EXERCISE AIM:
Every line of the entries that holds the word "with" is to be copied.

RECORDS FOR THE EXERCISE:
- Opening Delimiter -

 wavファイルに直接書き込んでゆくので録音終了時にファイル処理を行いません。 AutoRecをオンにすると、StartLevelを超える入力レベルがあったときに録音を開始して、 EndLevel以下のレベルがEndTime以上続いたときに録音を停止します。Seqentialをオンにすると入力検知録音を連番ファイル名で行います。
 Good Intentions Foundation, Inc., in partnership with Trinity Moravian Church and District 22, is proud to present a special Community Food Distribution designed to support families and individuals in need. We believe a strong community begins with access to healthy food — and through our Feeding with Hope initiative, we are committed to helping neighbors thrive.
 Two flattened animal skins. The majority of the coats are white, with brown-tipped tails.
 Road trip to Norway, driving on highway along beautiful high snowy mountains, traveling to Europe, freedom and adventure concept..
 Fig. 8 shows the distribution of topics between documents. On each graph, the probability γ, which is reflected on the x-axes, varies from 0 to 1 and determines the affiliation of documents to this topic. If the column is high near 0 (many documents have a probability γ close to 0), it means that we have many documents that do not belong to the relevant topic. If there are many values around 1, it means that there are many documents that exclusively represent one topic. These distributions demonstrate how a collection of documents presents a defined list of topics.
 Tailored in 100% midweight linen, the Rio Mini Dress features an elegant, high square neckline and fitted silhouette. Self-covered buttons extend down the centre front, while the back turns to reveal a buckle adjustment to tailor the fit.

- Closing Delimiter -
- Opening Delimiter -

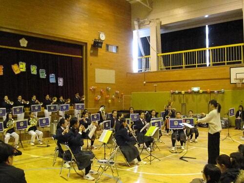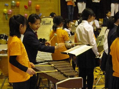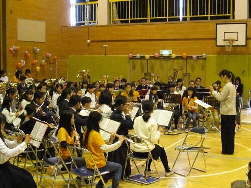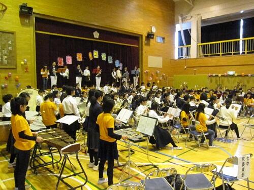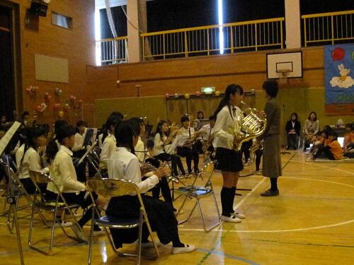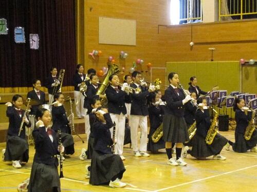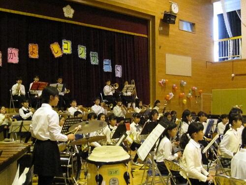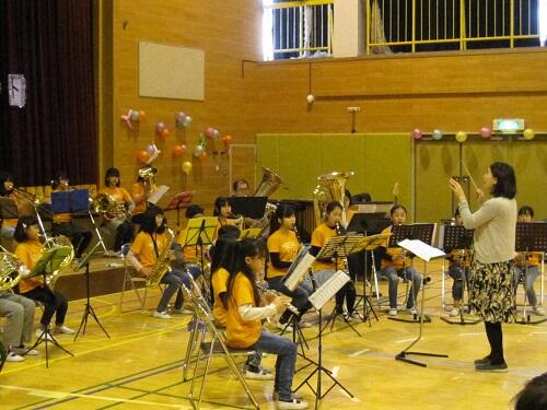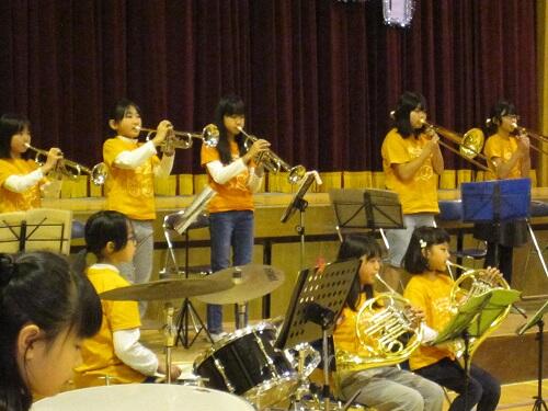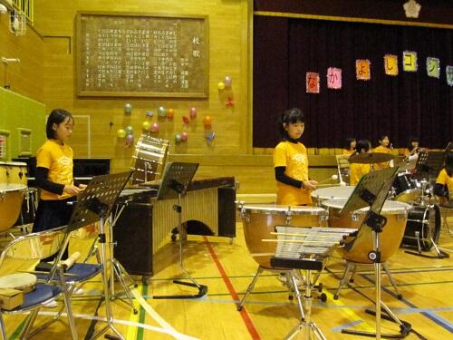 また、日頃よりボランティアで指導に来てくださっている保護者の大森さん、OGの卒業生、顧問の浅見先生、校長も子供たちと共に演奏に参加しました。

- Closing Delimiter -

REPLY TO THE TASK:
 Good Intentions Foundation, Inc., in partnership with Trinity Moravian Church and District 22, is proud to present a special Community Food Distribution designed to support families and individuals in need. We believe a strong community begins with access to healthy food — and through our Feeding with Hope initiative, we are committed to helping neighbors thrive.
 Two flattened animal skins. The majority of the coats are white, with brown-tipped tails.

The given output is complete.